SUPPLIED DATA: Begin

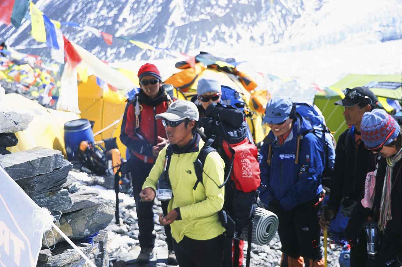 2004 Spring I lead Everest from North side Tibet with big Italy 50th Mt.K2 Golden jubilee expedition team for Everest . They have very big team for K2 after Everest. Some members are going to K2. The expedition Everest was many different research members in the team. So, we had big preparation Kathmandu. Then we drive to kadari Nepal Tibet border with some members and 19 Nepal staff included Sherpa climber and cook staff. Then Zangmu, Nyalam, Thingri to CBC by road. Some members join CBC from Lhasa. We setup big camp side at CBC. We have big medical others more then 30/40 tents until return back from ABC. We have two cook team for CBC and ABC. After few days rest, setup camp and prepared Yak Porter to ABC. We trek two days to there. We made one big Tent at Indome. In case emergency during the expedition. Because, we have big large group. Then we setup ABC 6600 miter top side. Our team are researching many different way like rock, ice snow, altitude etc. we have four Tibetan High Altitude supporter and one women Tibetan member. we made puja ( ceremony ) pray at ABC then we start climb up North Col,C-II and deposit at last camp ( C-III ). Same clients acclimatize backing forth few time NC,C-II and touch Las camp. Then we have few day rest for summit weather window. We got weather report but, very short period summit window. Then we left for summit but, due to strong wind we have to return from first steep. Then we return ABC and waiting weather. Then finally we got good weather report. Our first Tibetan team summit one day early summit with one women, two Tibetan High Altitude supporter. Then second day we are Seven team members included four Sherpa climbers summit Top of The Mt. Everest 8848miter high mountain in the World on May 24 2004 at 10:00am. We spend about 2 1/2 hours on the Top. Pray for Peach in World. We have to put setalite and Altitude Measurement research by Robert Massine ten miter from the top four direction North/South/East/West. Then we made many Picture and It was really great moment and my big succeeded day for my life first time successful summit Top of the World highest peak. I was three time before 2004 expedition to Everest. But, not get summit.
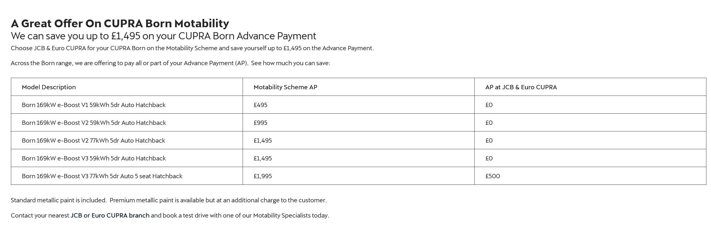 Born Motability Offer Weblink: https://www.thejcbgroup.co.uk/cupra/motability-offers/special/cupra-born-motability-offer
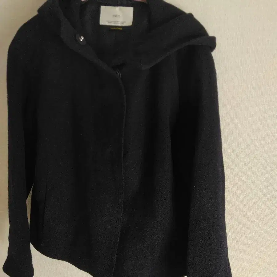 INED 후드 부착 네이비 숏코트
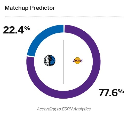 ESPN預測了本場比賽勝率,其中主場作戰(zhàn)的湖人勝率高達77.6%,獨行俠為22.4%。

SUPPLIED DATA: End
SUPPLIED DATA: Begin

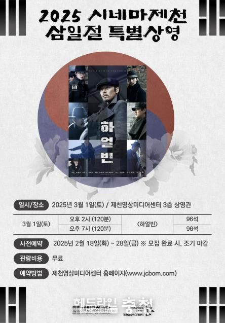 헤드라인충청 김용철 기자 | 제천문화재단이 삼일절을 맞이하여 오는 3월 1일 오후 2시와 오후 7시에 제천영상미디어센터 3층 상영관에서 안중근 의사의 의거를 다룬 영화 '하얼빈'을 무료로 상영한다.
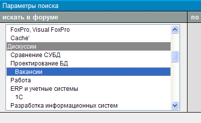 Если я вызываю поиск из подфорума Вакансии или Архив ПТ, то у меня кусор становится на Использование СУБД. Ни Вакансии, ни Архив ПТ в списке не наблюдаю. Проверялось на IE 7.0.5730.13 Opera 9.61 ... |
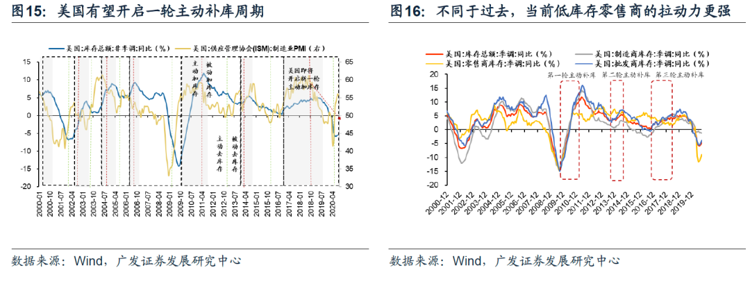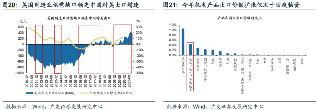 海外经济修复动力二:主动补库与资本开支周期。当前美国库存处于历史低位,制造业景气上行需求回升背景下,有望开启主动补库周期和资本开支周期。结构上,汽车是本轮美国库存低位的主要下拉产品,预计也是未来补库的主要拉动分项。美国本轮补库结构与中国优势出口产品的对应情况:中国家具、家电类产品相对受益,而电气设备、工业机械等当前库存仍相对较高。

SUPPLIED DATA: End

→ **WHAT THE TASK ASKS**: Your reply should consist solely of the lines above from the line containing "Если я вызываю" up to and including the line containing "海外经济修复动力二:主动补库", reproduced exactly, minus the pictures.

→ **TASK ANSWER**:
 Если я вызываю поиск из подфорума Вакансии или Архив ПТ, то у меня кусор становится на Использование СУБД. Ни Вакансии, ни Архив ПТ в списке не наблюдаю. Проверялось на IE 7.0.5730.13 Opera 9.61 ... |
 海外经济修复动力二:主动补库与资本开支周期。当前美国库存处于历史低位,制造业景气上行需求回升背景下,有望开启主动补库周期和资本开支周期。结构上,汽车是本轮美国库存低位的主要下拉产品,预计也是未来补库的主要拉动分项。美国本轮补库结构与中国优势出口产品的对应情况:中国家具、家电类产品相对受益,而电气设备、工业机械等当前库存仍相对较高。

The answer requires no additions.